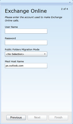 Enter the User Name and Password for the account Migrator Pro for Exchange should use for program calls to Exchange Online.
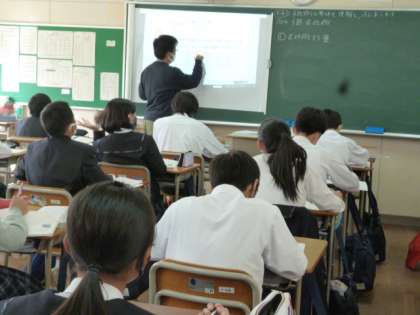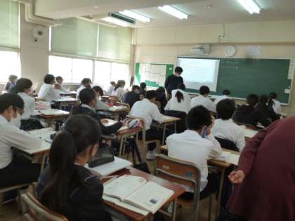 5時限目 1年1組の数学科の授業で、「学力向上推進事業」の研究授業が行われました。 数学科の 西山先生が授業を行いました。2つの数の変化の様子から、反比例の関係を考えています。質問に積極的に答える声もありました。
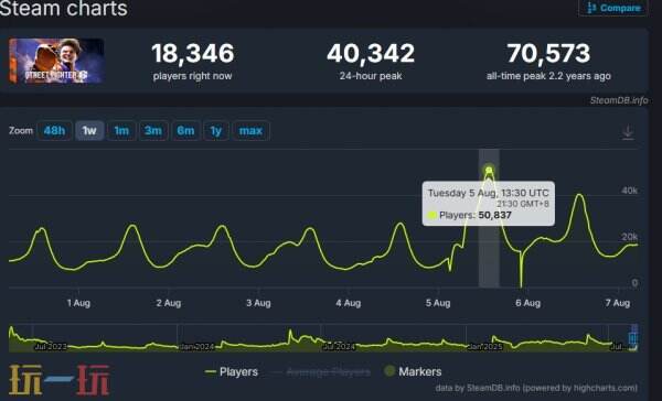 根据Steamdb的数据,《街头霸王6》在推出更新的当天,Steam平台上的在线玩家峰值从27913人激增至50975人,几乎翻了一倍。当前,本作24小时内的在线玩家峰值也有40342人,相当惊人。
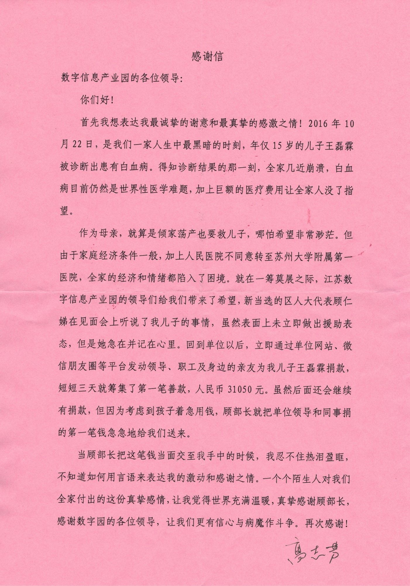 11月28日惠山區(qū)人大代表選民代表見面會(huì)上,數(shù)字園人大代表候選人顧仁娣女士得知王磊霖的病情以及艱難的家庭情況,立即通過動(dòng)員公司職工,并通過微信朋友圈等平臺(tái)為王磊霖同學(xué)捐款。園區(qū)領(lǐng)導(dǎo)非常關(guān)心王磊霖同學(xué)的病情,第一時(shí)間進(jìn)行捐款,短短三天便籌得善款31050元,送到了王磊霖媽媽的手中。特此王媽媽給數(shù)字園送上一份感謝信,感謝顧部長(zhǎng),感謝數(shù)字園。
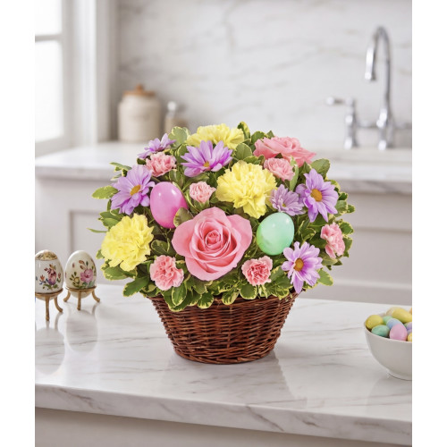 Pastel easter colours fill this basket with gorgeous seasonal flowers.
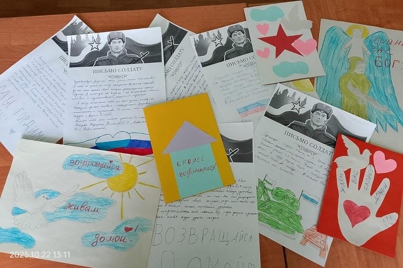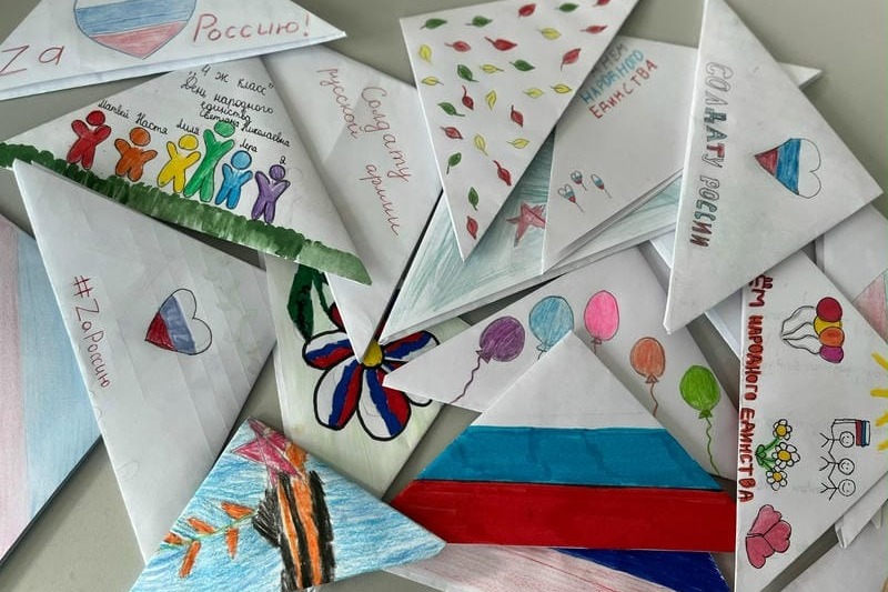 В своих письмах школьники выразили поддержку и благодарность участникам СВО за мирное небо, поздравили с предстоящим праздником — Днём народного единства.
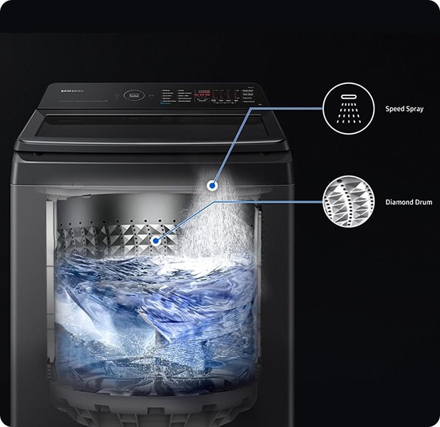 Wash powerfully and more efficiently. Ecobubble with Digital Inverter Technology gets clothes really clean using 73% less energy and 19% less water. BubbleStorm helps detergent penetrate fabric 2.5x faster and gives 20% better fabric care. Dual Storm pulsator creates a vortex of water current that cleans more effectively.

> [Required action]: Give exactly those lines of the listing that run from its first line through the line with "根据Steamdb的数据,《", leaving each picture out.

> [Output for this task]:
 Enter the User Name and Password for the account Migrator Pro for Exchange should use for program calls to Exchange Online.
 5時限目 1年1組の数学科の授業で、「学力向上推進事業」の研究授業が行われました。 数学科の 西山先生が授業を行いました。2つの数の変化の様子から、反比例の関係を考えています。質問に積極的に答える声もありました。
 根据Steamdb的数据,《街头霸王6》在推出更新的当天,Steam平台上的在线玩家峰值从27913人激增至50975人,几乎翻了一倍。当前,本作24小时内的在线玩家峰值也有40342人,相当惊人。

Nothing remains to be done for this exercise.